The 17-year-old twins, residing in Paris, are scheduled to receive the honor at Oslo's City Hall and deliver the Nobel Peace Prize lecture om their mother's behalf. In a letter sent from prison, Mohammadi reaffirmed her commitment to the cause of human rights, even in the face of potential death, expressing that she missed her children the most.
Kiana Rahmani, who last saw her mother eight years ago, expressed a pessimistic outlook on the prospect of a reunion, stating, "Maybe I'll see her in 30 or 40 years, but I think I won't see her again." She emphasized that despite this, her mother's legacy would endure in her heart and within their family.

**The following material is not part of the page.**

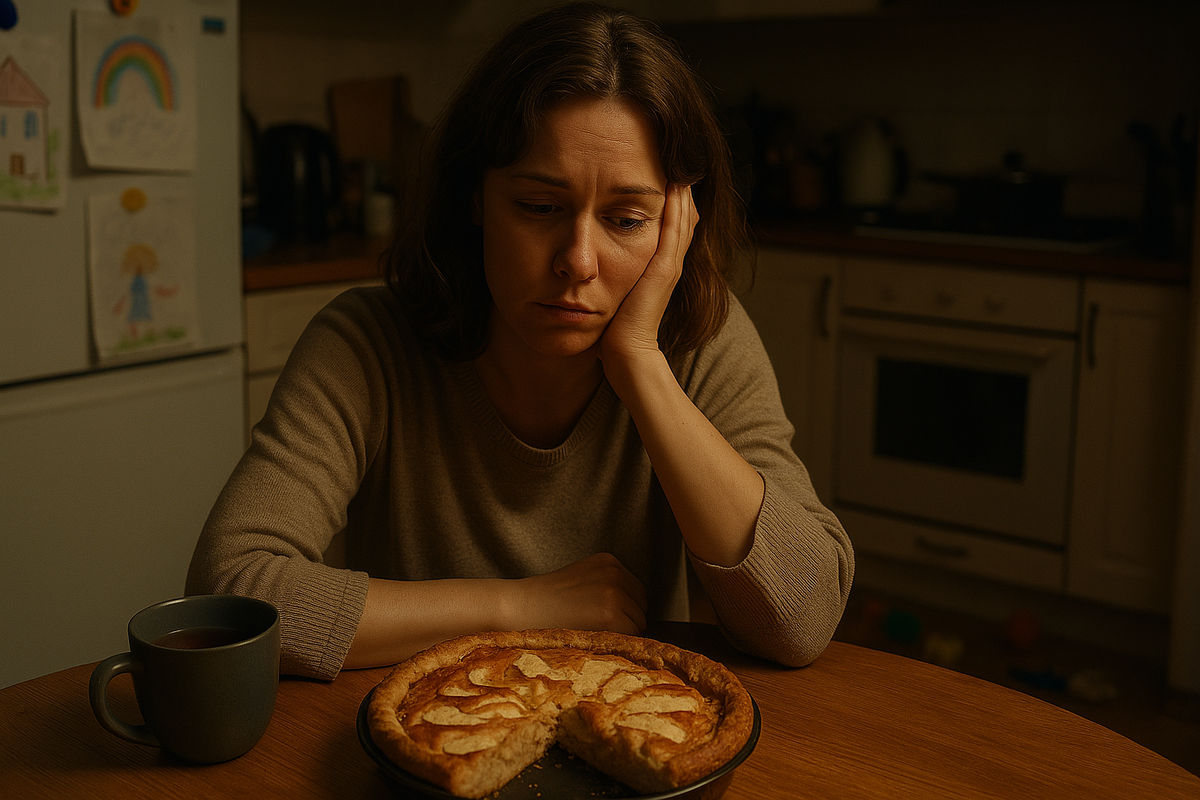Тесто замешивалось с трудом — то ли руки у меня не те, то ли мука и правда попалась какая-то не такая. Яблоки чистила в спешке, пару раз порезав пальцы, а корица рассыпалась по всей столешнице. Мама звонила каждые полчаса, проверяя: "Ты духовку разогрела? А тесто не липнет?" Я отвечала сквозь зубы, стараясь не сорваться. К вечеру, когда дети наконец угомонились, а я поставила пирог в духовку, кухня выглядела как после урагана: повсюду мука, кожура от яблок, а я сама — в липком фартуке, с растрепанными волосами.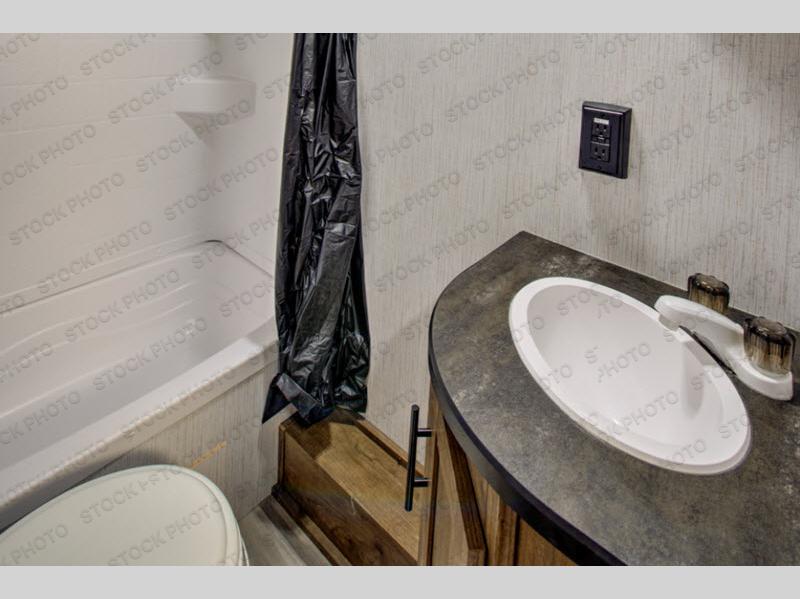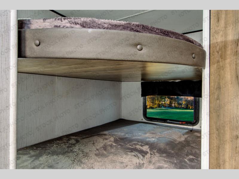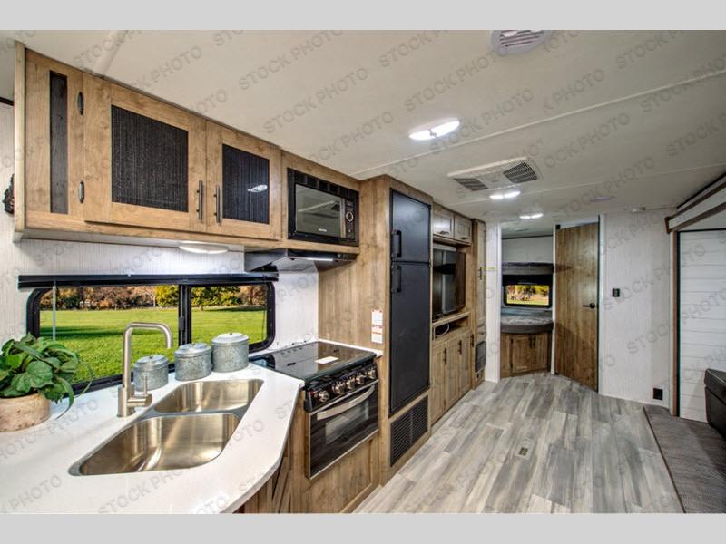 You camp because you love the outdoors and hanging out with your larger crew yet you don't have to give up indoor comforts like relaxing on a sofa and dining at a U-shaped dinette when you have this trailer at the campsite. The large slide provides the main living and kitchen area with more floor space for everyone to move about, and the cook will appreciate having more space when using the galley kitchen amenities. There is an outside kitchen that you can enjoy when wanting to be outside where the action is or when everyone is relaxing under the 20' power awning. Back inside there is a large TV to watch, and storage for pretty much everything, and the private front bedroom can be your oasis at night while others fall asleep on the bunks or furniture.

Mohammadi, 51, earned the Nobel Peace Prize on October 6, a symbolic rebuke to Tehran's theocratic leadership, which subsequently condemned the award.
In her message from prison, Mohammadi acknowledged imprisoned journalists and emphasized, "In the darkness cast over information and the people of Iran, despite the shutdown of media outlets, our activism persists."
Speaking about the detention of over 100 journalists during the Women, Life, Freedom movement, she highlighted that in the past 20 years, at least 200 newspapers have been shut down, and 800 journalists have been detained.
Mohammadi addressed journalists, stating, "Independent media are our best allies in the fight against the destructive policies of the Islamic Republic."